- **Data provided**:
——————————

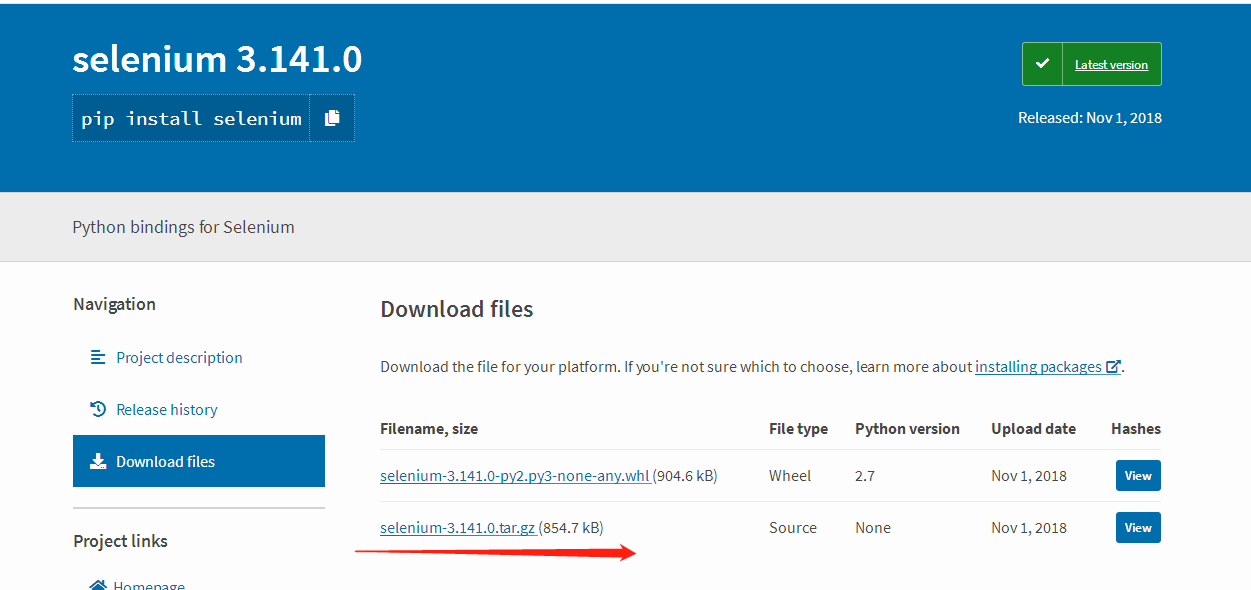 下载安装包(selenium-3.141.0.tar.gz) 版本:3.141.0
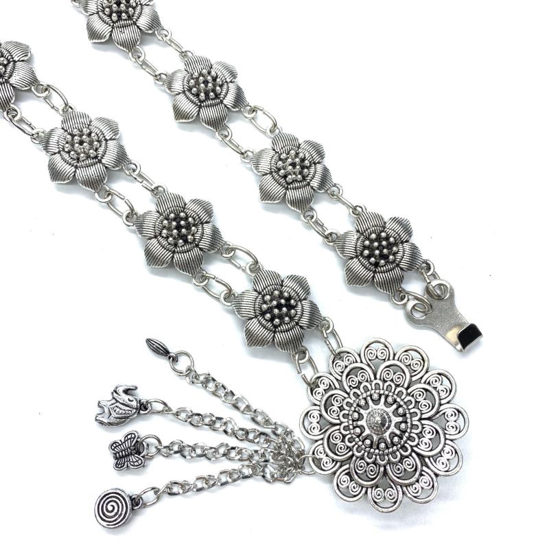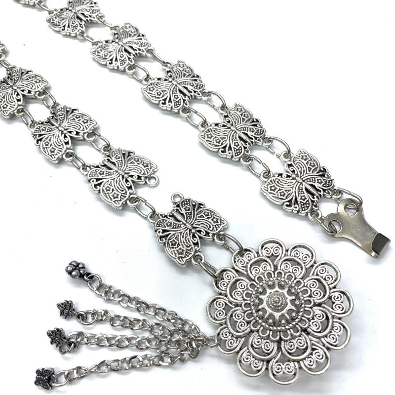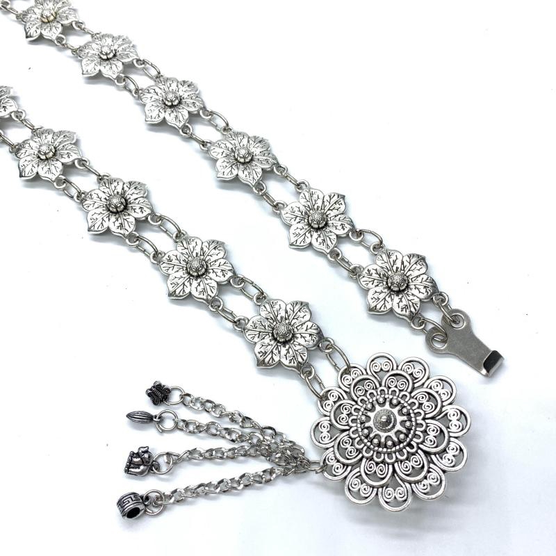 เข็มขัดอีสาน Vintage jewelry ชุดล้านนาไท ลายดอกไม้ เข็มขัด เงินโบราณ
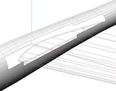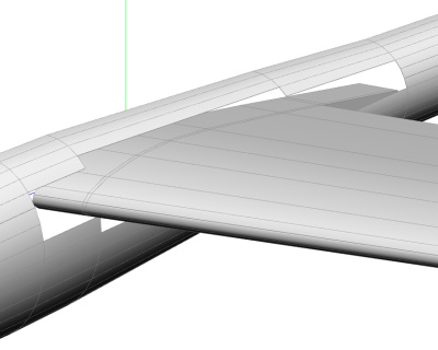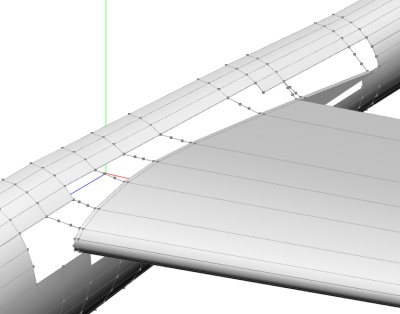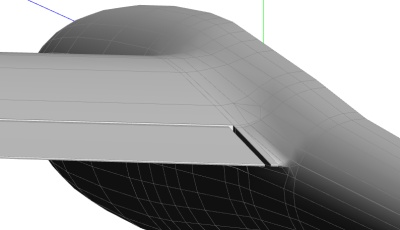 Als nächstes werden in den Flügel ein bis zwei Polygonlinien nahe des Rumpfes eingezogen. Sie bilden später die Begrenzung der Verrundung.
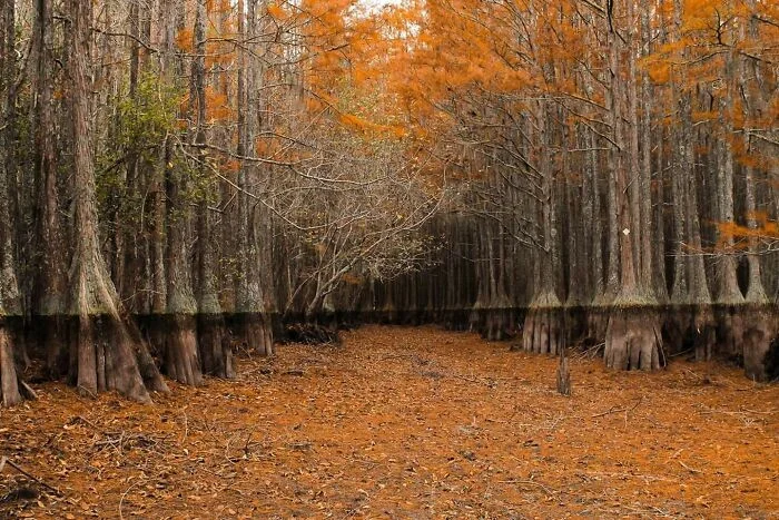 2. Деревья тупело (нисса) на высохшем болоте. Очень красиво, но жутковато. Национальный парк Джорджа Л. Смита, Джорджия, США
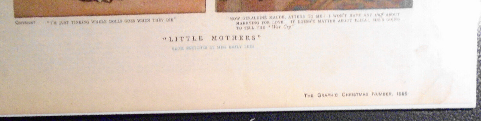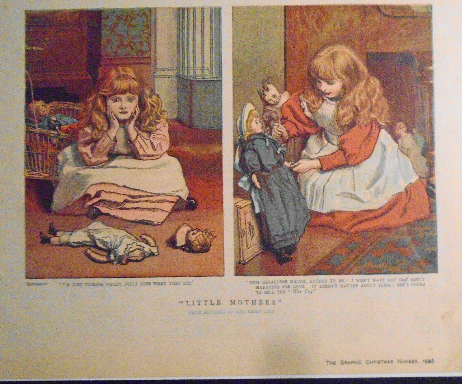 Little Mothers (with dolls) - sketches by Emily Lees. The Graphic Christmas Number 1888. Original print.
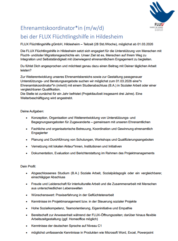 Zur Weiterentwicklung unseres Ehrenamtsbereichs sowie zur Gestaltung passgenauer Unterstützungs- und Beratungsangebote suchen wir möglichst zum 01.03.2026 einen Ehrenamtskoordinatorin (m/w/d) mit einem Studienabschluss (B.A.) in Sozialer Arbeit oder einer vergleichbaren Qualifikation.

——————————

- **Work order**: Emit the lines of the data above from the one containing "Little Mothers (with" through its final line, both endpoints included. Pictures do not belong in the output.

- **Answer to this task**:
 Little Mothers (with dolls) - sketches by Emily Lees. The Graphic Christmas Number 1888. Original print.
 Zur Weiterentwicklung unseres Ehrenamtsbereichs sowie zur Gestaltung passgenauer Unterstützungs- und Beratungsangebote suchen wir möglichst zum 01.03.2026 einen Ehrenamtskoordinatorin (m/w/d) mit einem Studienabschluss (B.A.) in Sozialer Arbeit oder einer vergleichbaren Qualifikation.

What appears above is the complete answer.